» **Description of the task**
Beginning at the line containing "Класична зона з", give again every line through the end of the data, unchanged and with both ends included. Drop any pictures.

-*-*-

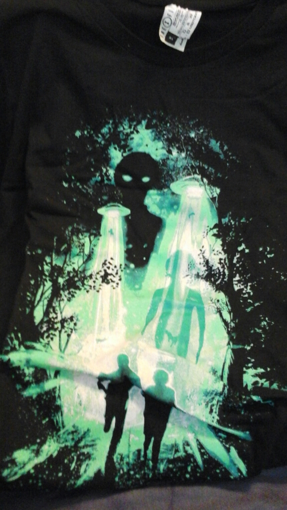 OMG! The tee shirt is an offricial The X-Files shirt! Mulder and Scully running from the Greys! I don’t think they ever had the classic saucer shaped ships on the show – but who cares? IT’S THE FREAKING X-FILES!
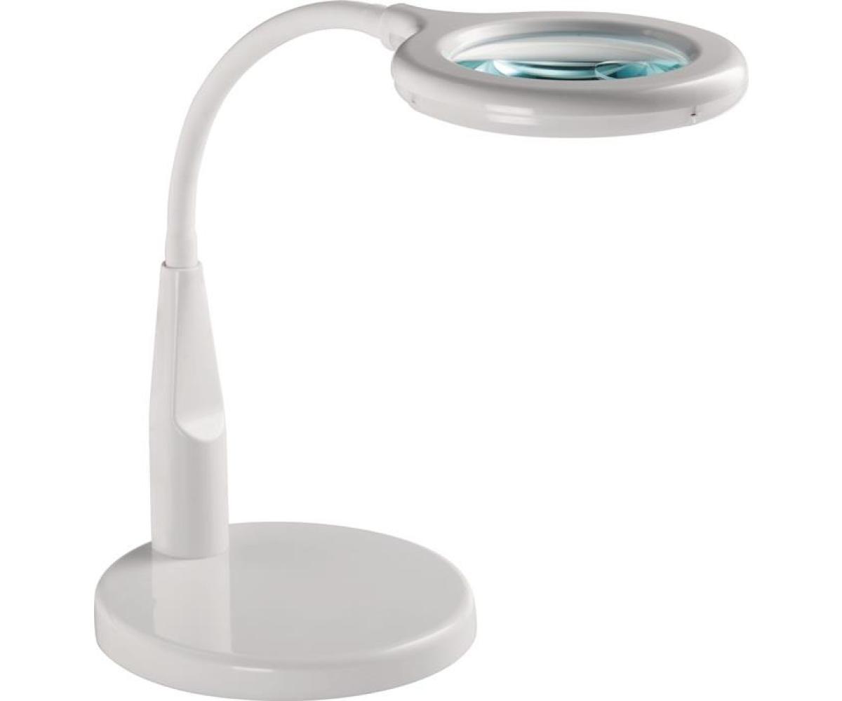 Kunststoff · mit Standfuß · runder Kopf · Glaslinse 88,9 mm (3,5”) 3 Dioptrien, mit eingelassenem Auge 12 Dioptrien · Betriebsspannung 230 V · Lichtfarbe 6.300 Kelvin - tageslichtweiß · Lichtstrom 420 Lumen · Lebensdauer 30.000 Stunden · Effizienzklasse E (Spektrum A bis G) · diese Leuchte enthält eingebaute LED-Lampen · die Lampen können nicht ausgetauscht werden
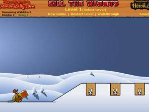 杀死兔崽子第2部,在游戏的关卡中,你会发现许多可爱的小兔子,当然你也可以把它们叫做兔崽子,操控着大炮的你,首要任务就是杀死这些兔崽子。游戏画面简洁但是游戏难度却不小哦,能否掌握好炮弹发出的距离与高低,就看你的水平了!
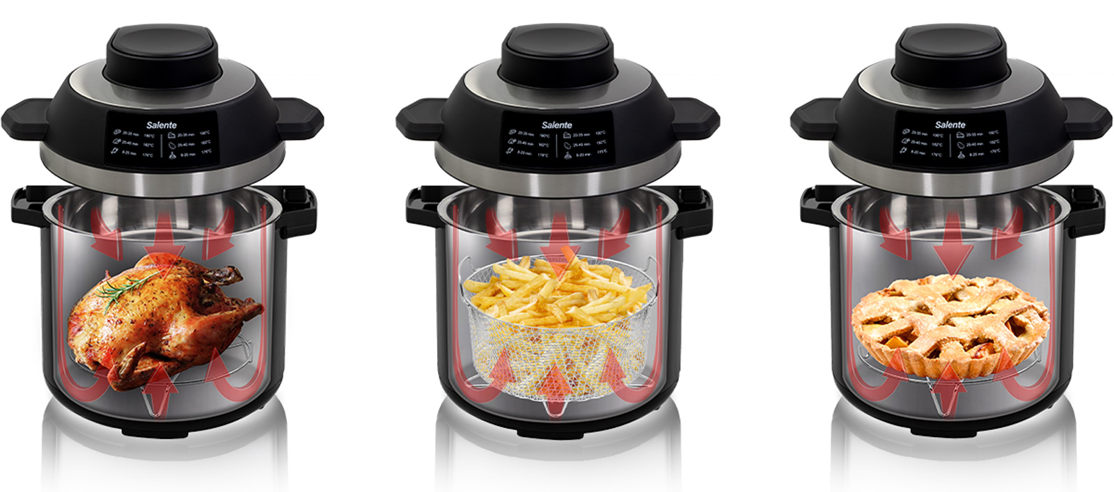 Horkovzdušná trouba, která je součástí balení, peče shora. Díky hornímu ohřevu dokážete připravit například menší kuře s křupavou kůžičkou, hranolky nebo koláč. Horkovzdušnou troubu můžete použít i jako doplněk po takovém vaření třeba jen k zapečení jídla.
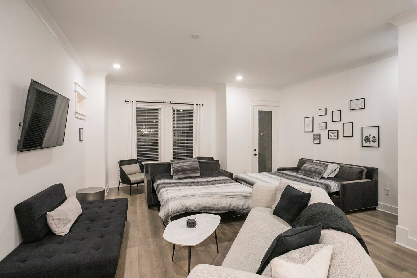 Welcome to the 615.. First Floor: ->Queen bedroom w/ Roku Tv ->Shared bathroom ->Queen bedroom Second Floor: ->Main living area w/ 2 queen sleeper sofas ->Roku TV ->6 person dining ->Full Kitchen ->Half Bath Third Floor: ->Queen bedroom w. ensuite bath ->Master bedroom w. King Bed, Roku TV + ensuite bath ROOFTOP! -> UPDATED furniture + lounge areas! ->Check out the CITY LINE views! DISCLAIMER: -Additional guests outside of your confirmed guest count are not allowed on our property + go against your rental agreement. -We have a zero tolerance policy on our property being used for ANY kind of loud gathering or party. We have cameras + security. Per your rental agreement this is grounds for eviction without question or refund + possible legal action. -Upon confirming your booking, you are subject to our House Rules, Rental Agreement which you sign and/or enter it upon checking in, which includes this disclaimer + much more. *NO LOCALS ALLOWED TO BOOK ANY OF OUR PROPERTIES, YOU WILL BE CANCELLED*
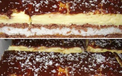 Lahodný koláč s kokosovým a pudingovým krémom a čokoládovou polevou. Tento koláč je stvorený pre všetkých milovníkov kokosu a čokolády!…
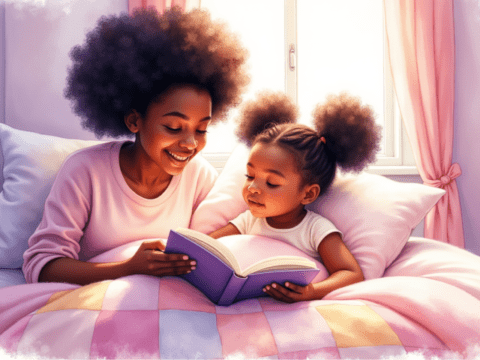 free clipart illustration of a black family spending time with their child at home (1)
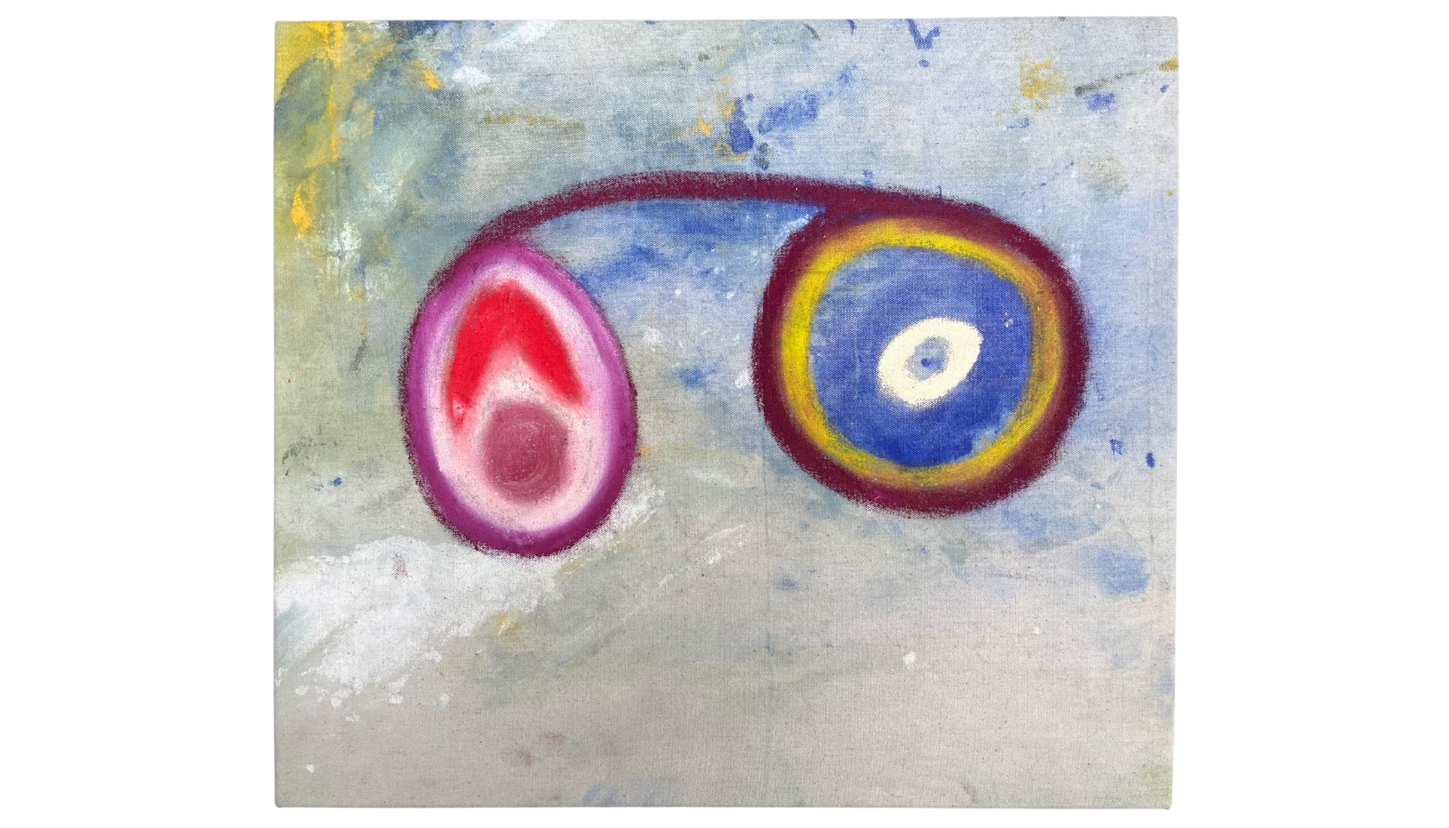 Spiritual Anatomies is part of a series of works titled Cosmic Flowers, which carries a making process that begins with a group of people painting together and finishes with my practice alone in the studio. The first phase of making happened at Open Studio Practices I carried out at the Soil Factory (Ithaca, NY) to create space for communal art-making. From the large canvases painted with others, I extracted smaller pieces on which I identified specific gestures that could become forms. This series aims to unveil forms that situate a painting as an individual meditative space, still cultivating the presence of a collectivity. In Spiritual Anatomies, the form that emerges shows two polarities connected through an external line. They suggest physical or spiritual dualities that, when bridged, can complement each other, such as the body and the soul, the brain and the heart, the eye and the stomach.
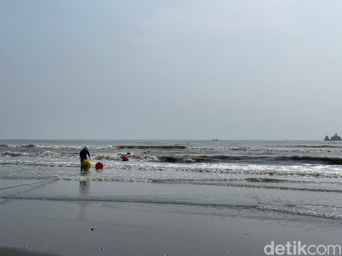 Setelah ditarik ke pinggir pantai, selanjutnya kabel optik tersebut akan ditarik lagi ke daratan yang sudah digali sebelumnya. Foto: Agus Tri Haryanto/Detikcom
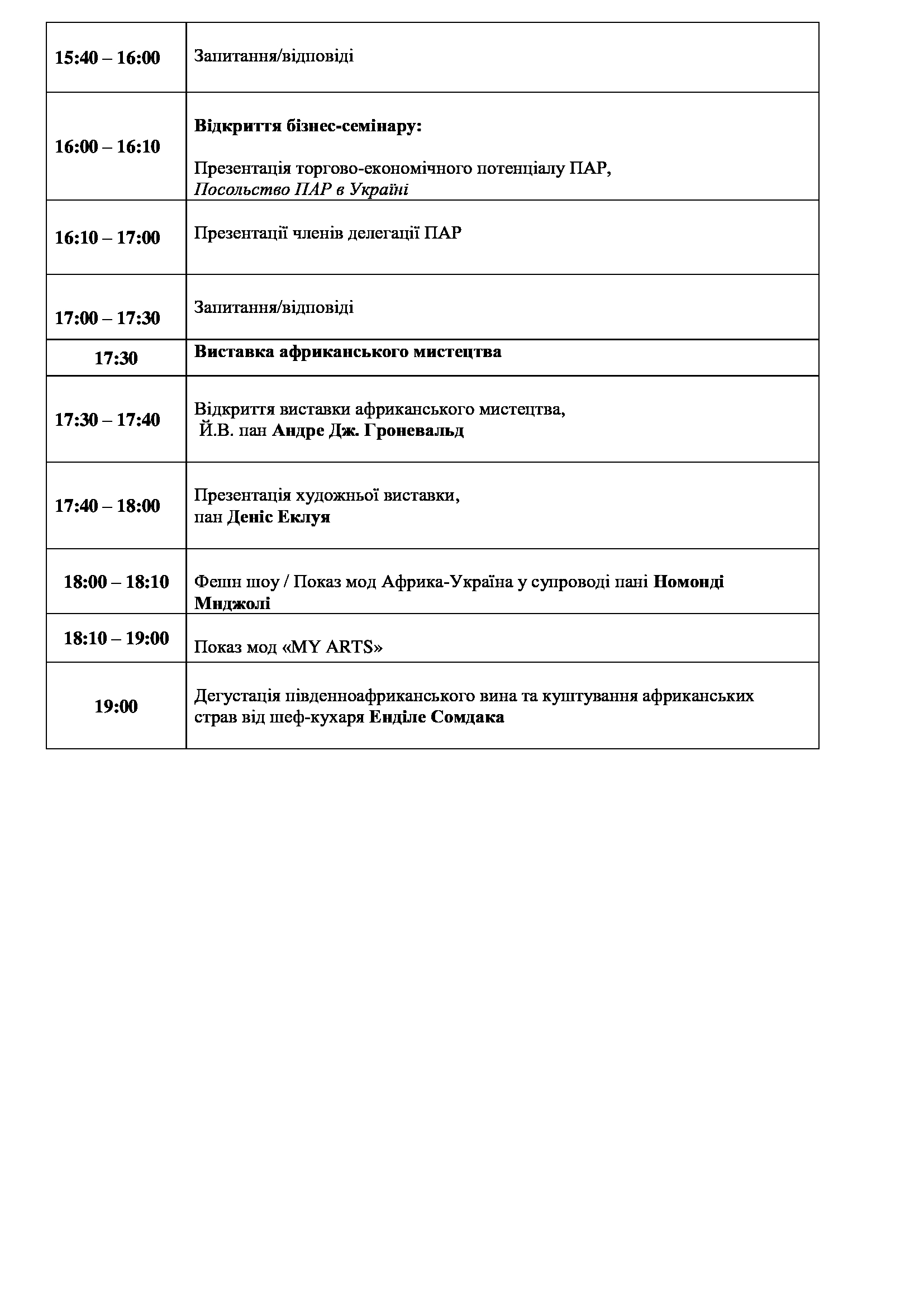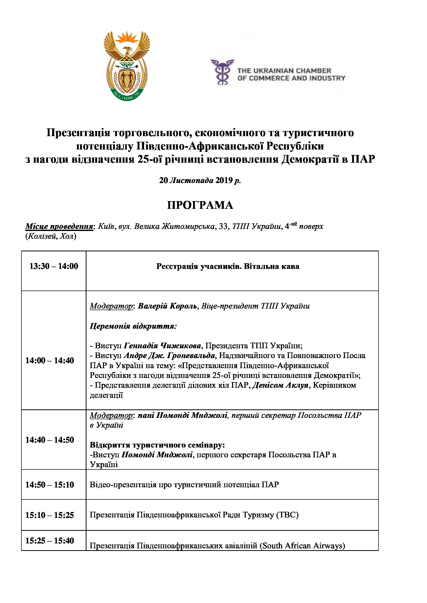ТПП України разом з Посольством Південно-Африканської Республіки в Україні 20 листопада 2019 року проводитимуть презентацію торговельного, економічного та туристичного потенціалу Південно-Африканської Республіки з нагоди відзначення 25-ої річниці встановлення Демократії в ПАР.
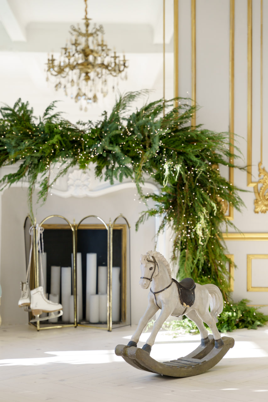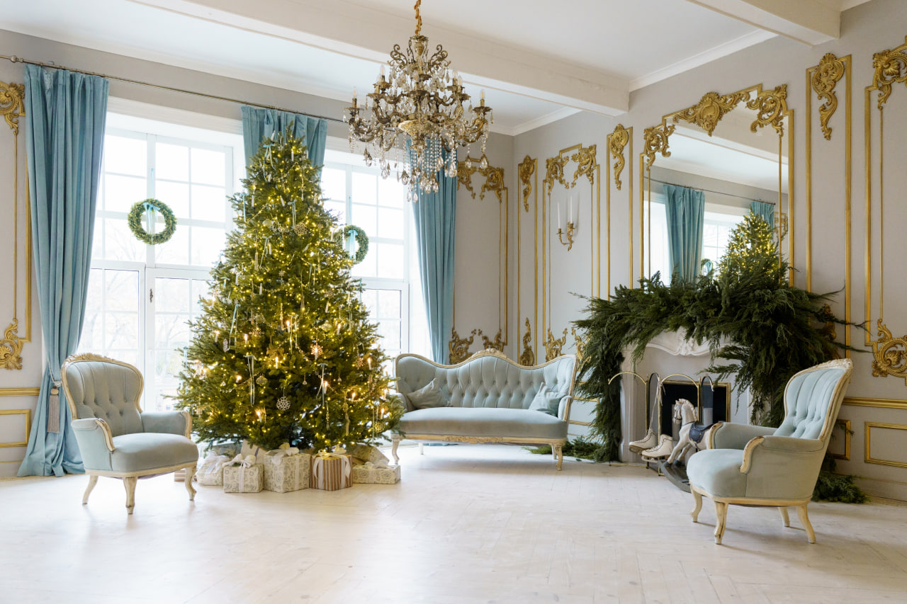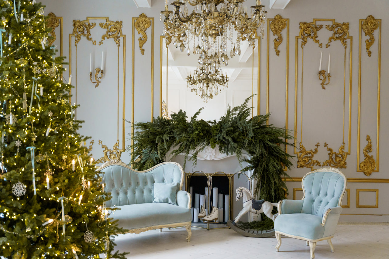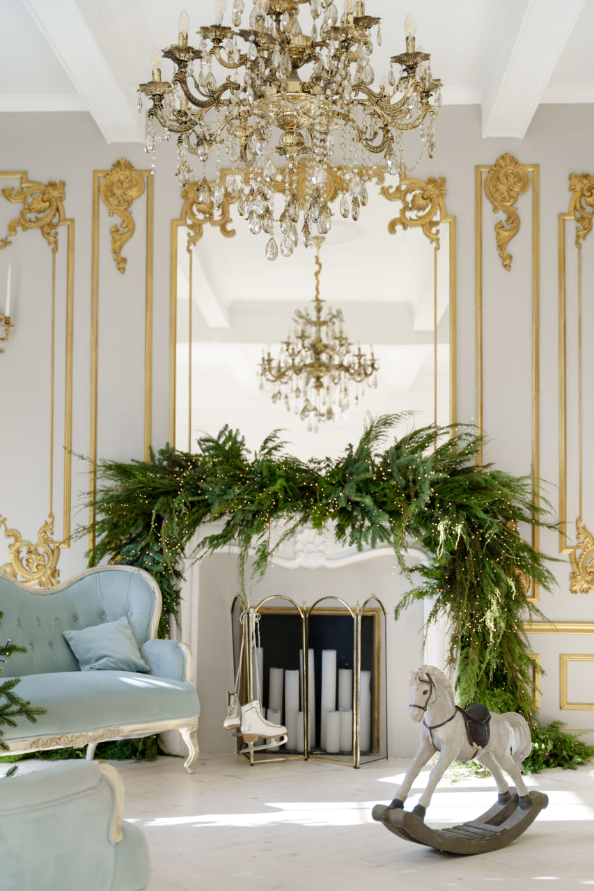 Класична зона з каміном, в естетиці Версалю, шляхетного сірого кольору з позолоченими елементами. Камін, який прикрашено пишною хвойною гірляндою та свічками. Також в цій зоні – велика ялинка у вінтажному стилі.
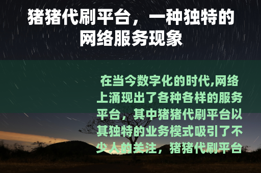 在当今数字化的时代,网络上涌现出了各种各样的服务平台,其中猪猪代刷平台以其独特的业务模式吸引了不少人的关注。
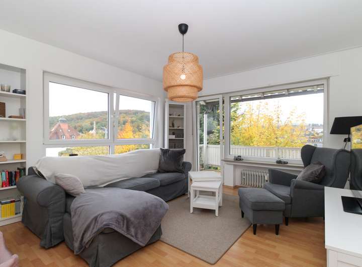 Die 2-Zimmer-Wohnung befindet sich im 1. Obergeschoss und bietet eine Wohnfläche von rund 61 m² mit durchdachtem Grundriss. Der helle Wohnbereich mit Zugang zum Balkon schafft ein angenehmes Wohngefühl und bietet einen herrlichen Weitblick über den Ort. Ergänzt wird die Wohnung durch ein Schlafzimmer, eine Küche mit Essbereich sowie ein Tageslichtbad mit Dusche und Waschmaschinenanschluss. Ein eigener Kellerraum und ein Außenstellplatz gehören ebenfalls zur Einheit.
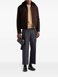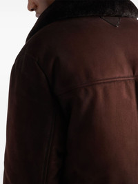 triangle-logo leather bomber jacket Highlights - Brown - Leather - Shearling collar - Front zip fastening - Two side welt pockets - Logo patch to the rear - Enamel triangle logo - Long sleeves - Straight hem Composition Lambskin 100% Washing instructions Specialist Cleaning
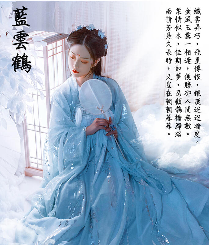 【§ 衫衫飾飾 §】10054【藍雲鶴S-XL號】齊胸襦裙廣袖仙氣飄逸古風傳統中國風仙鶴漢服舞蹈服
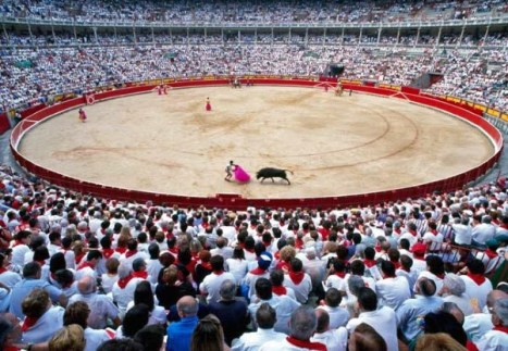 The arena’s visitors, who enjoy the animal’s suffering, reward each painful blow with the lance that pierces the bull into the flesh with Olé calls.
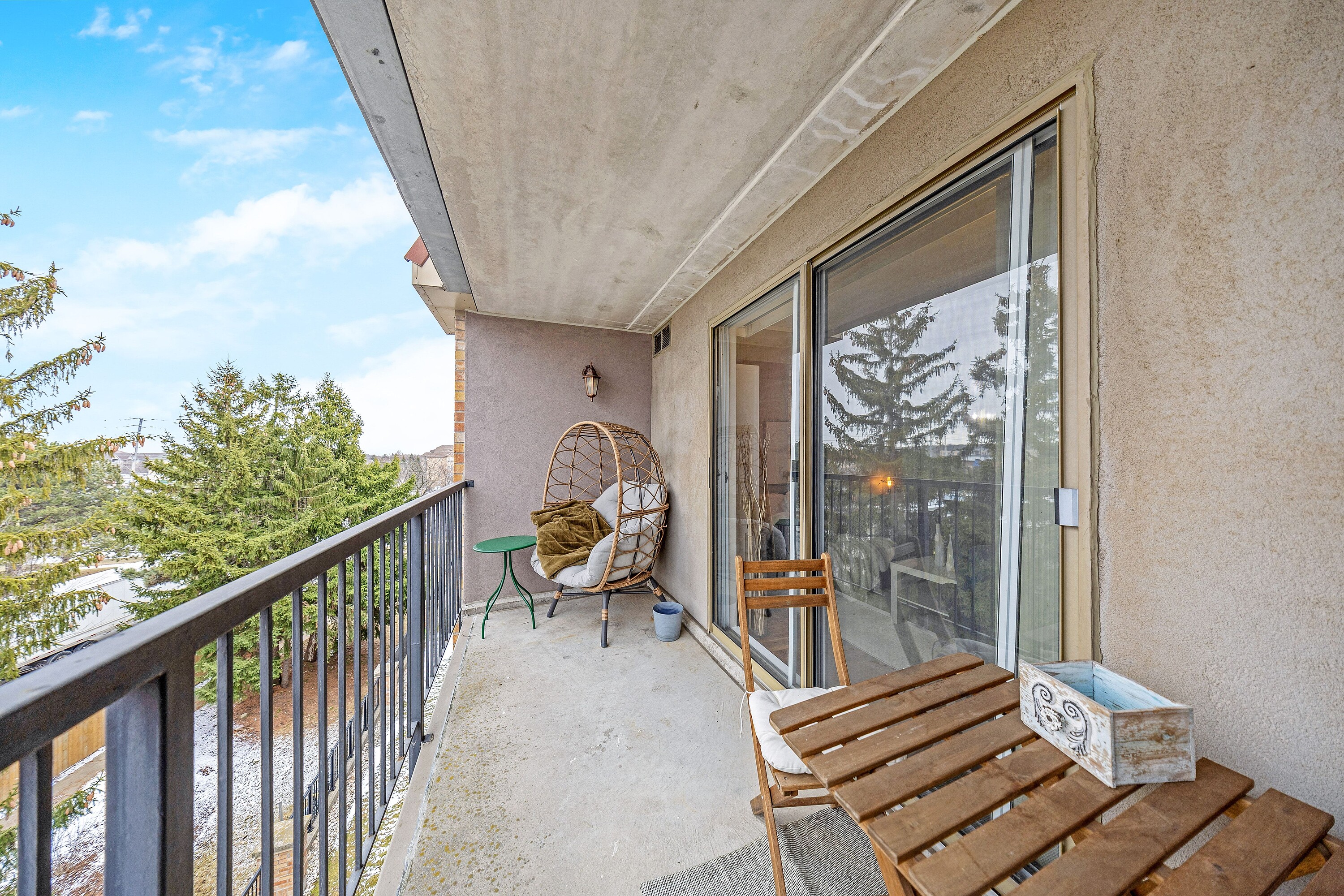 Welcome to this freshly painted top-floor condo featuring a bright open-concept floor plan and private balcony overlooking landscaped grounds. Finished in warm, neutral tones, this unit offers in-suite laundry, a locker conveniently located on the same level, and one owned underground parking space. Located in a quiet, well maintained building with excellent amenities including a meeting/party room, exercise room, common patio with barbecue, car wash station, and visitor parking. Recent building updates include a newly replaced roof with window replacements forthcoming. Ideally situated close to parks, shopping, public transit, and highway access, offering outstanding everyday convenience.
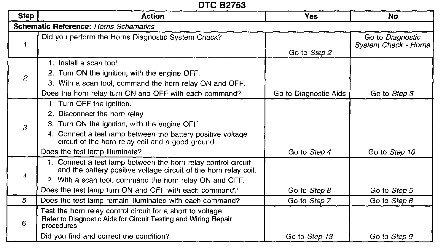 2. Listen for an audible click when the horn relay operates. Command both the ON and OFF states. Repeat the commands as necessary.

-*-*-

» **Answer space**
 Класична зона з каміном, в естетиці Версалю, шляхетного сірого кольору з позолоченими елементами. Камін, який прикрашено пишною хвойною гірляндою та свічками. Також в цій зоні – велика ялинка у вінтажному стилі.
 在当今数字化的时代,网络上涌现出了各种各样的服务平台,其中猪猪代刷平台以其独特的业务模式吸引了不少人的关注。
 Die 2-Zimmer-Wohnung befindet sich im 1. Obergeschoss und bietet eine Wohnfläche von rund 61 m² mit durchdachtem Grundriss. Der helle Wohnbereich mit Zugang zum Balkon schafft ein angenehmes Wohngefühl und bietet einen herrlichen Weitblick über den Ort. Ergänzt wird die Wohnung durch ein Schlafzimmer, eine Küche mit Essbereich sowie ein Tageslichtbad mit Dusche und Waschmaschinenanschluss. Ein eigener Kellerraum und ein Außenstellplatz gehören ebenfalls zur Einheit.
 triangle-logo leather bomber jacket Highlights - Brown - Leather - Shearling collar - Front zip fastening - Two side welt pockets - Logo patch to the rear - Enamel triangle logo - Long sleeves - Straight hem Composition Lambskin 100% Washing instructions Specialist Cleaning
 【§ 衫衫飾飾 §】10054【藍雲鶴S-XL號】齊胸襦裙廣袖仙氣飄逸古風傳統中國風仙鶴漢服舞蹈服
 The arena’s visitors, who enjoy the animal’s suffering, reward each painful blow with the lance that pierces the bull into the flesh with Olé calls.
 Welcome to this freshly painted top-floor condo featuring a bright open-concept floor plan and private balcony overlooking landscaped grounds. Finished in warm, neutral tones, this unit offers in-suite laundry, a locker conveniently located on the same level, and one owned underground parking space. Located in a quiet, well maintained building with excellent amenities including a meeting/party room, exercise room, common patio with barbecue, car wash station, and visitor parking. Recent building updates include a newly replaced roof with window replacements forthcoming. Ideally situated close to parks, shopping, public transit, and highway access, offering outstanding everyday convenience.
 2. Listen for an audible click when the horn relay operates. Command both the ON and OFF states. Repeat the commands as necessary.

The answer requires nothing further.